We have just migrated from v6 to v7 of Parallel Extender DataStage. Most of the jobs that we migrated have been working fine which is good.
However I have noticed that the behaviour of Merge and Join appear to have changed in that it is no longer necessary to sort prior to the Merge or Join stage.
I have completed a number of simple tests that imply that including sorts before merge stages actually lengthen the amount of time it takes for the job to run.
Datastage(Orchestrate?) also complains with error messages such as:
APT_ParallelSortMergeOperator(0),0: WARNING: ParallelSortMerge is combined with its input.

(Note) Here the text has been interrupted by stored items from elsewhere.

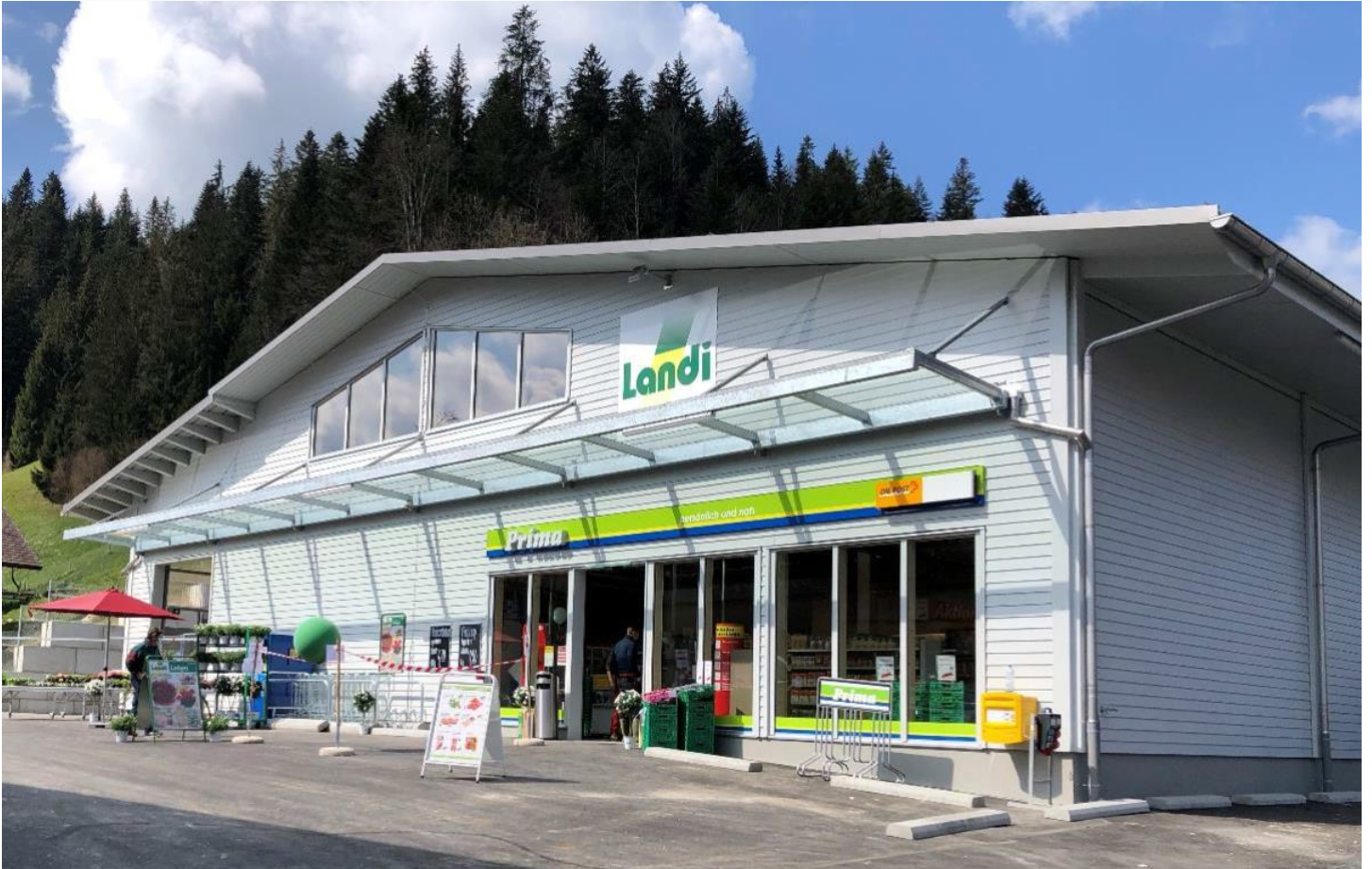
Am 22. April 2021 wurde der LANDI-Prima Laden in Röttenbach i. E. eröffnet.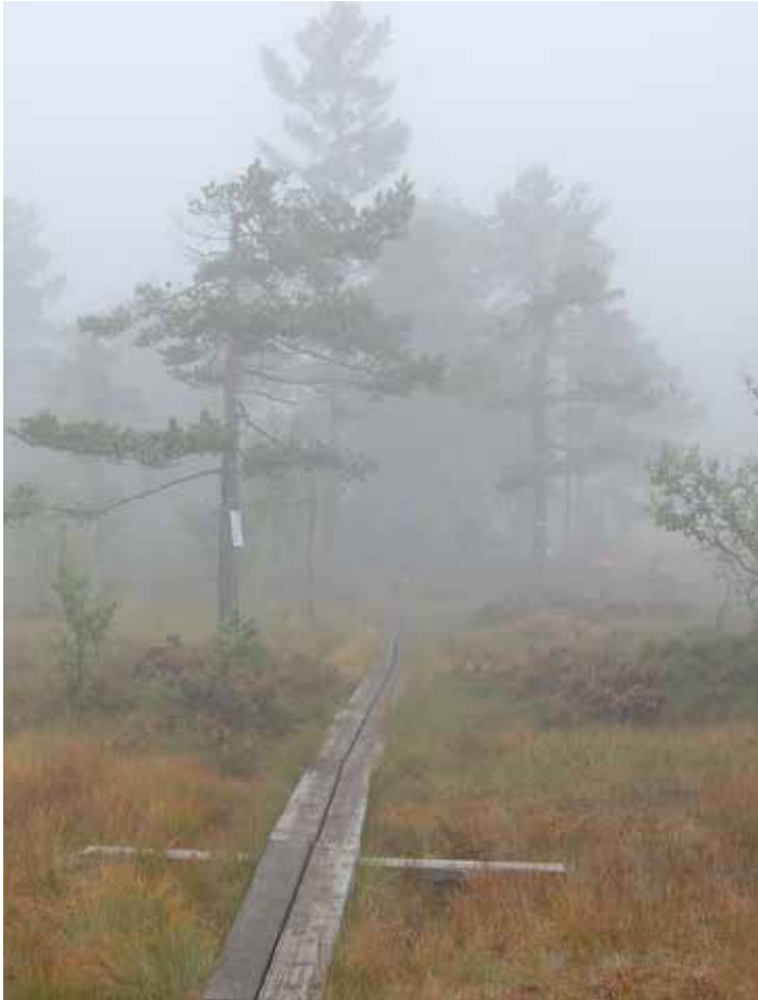
Borti her et sted ligger tjernet Skinka

2022 er frivillighetens år i Norge. Det har vært markert på mange måter over hele landet. Noe av det morsomste her i Drammen må vel ha vært 3. og 4. september i mark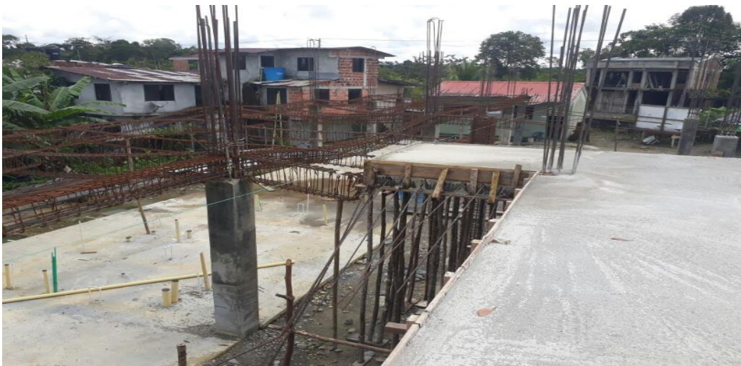
PANORAMICA ESTADO ACTUAL OBRA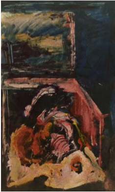
Vittorio Bellini-Natura morta, 1993-Tecnica mista su carta, cm 54x33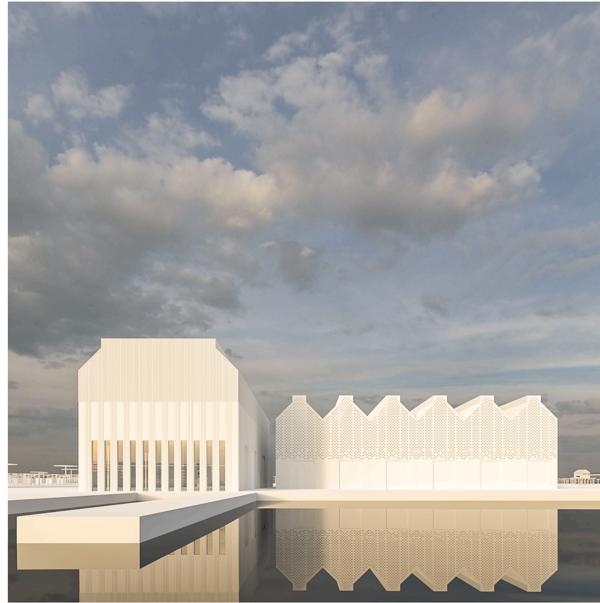
3_Shipyard area: i cantieri navali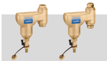
Art. 546902 | 22 Ø Art. 546905 | 3/4" Art. 546906 | 1"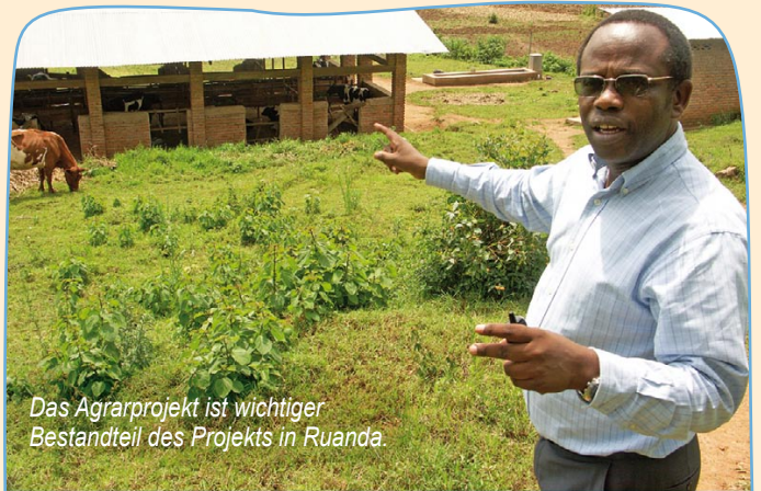
Das Agrarprojekt ist wichtiger Bestandteil des Projekts in Ruanda.

Es ist uns wichtig, den Mädchen und Jungen eine vernünftige Einstellung zu vermitteln. Wir müssen das Thema Natur und Umwelt als Ganzes sehen. Es geht nicht darum, den Kindern einzelne Dinge beizubringen. Sie müssen eine positive Einstellung zum Umweltschutz verinnerlichen. Lassen wir sie in diesem Bewusstsein aufwachsen. Und das möchten wir mit unseren Camps erreichen. Dort diskutieren wir immer wieder darüber.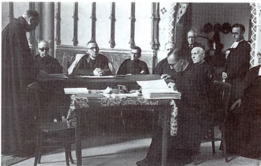
Barcelona: acto de clausura del proceso diocesano para la Causa de Beatificación de los Hermanos de Barcelona.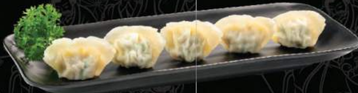
Sủi cảo Gyoza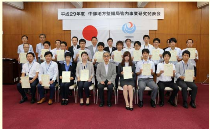
7月7日 管内事業研究発表会 受賞されたみなさん。受賞おめでとうございます。 (中部地方整備局)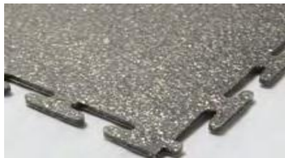
5 mm DECORATIVE 'pailleté' Texture lisse 'martelé'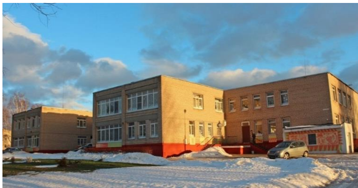
Жодинский дошкольный детский дом (2002)

55 лет назад был открыт Жодинский дошкольный детский дом. Являлся социально-педагогическим учреждением с максимально благоприятными условиями для интеллектуального, эстетического, нравственного, эмоционального и физического развития детей-сирот и детей, оставшихся без попечения родителей, подготовки их к обучению в школе и самостоятельной жизни. Расформирован летом 2017 года, а 22 сентября в этом здании открылся ясли-сад №3 «Теремок» (21.01.1971 г.)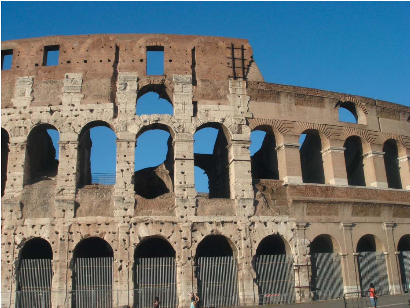
6 У стен древнего Колизея. Рим, Италия, 2008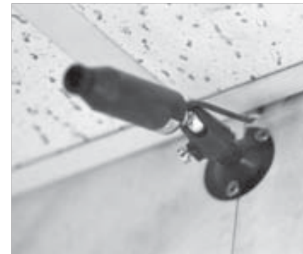
Эта камера все видит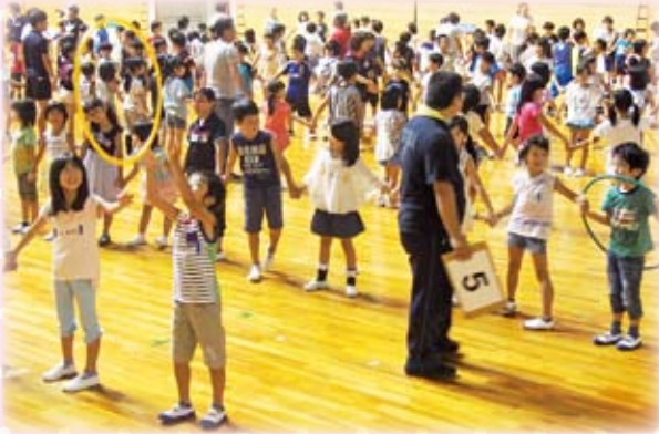
△フープdeゲーム “くぐっておくって”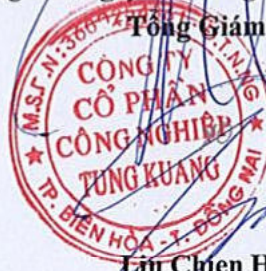
Lưu Chiên Hưng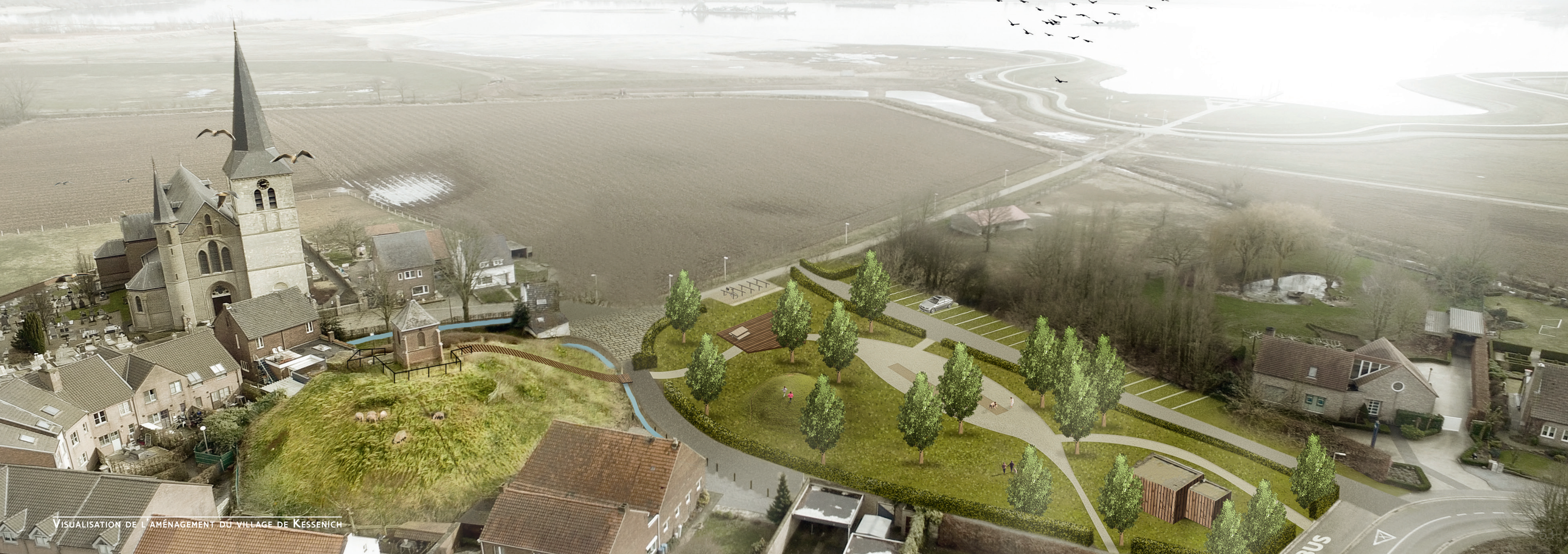
VISUALISATION DE L'AMÉNAGEMENT DU VILLAGE DE KESSENIICH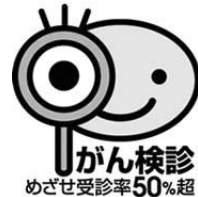
がん検診 めざせ受診率50%超

※平成25年4月20日以降に他市から転入した人は、クーポン券を知立市のものと引き換えてがん検診を受けていただきます。他市のクーポン券と本人確認のできるもの、印鑑を持参の上、保健センターにお越しください。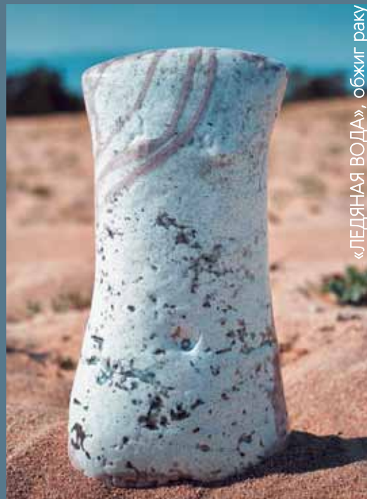
«ПЕДЯНАЯ ВОДА», обжиг раку

Еще осенью узнала об этом симпозиуме от сибиряков и решила, что поеду. В первую очередь хотела увидеть природу Байкала. На подобных симпозиумах не была много лет. Собственно впервые после Дзигтари участвую в таком мероприятии. Знала, что здесь будет много людей, которых я хорошо знаю, хотелось встретиться с друзьями. Я считала, что про керамику знаю все, но здесь узнала много нового, особенно в технологии. Здесь очень хорошо, я в восторге от всей группы. Спасибо всем!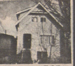
▲蓋士街三層兩房屋。月入息千二百。可按揭九萬按揭。價十萬餘。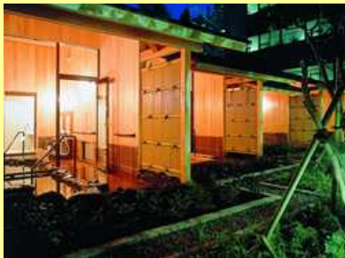
内風呂も露天も一度に貸切できる

APT_ParallelSortMergeOperator(0),0: WARNING: Partitioning for combined operators is straight-through, so ParallelSortMerge will do nothing.
Although I have never seen that error message before, your PX scripts might be suffering from the automatic insertion of hashes and sorts that happens in PX 6+. Check on the PX Forum for a discussion about this feature.
To add to ur discussions...I have used Orchestrate (before it Accential took over Torrent) and when we use Hash-Sort before any Joins and also its good to do when partitioning...to expect same data on one partition...so that when u re-run ur job...it makes sure u get the same result...
We had situations then with Orchestarte...with getting different result with diffrent runs.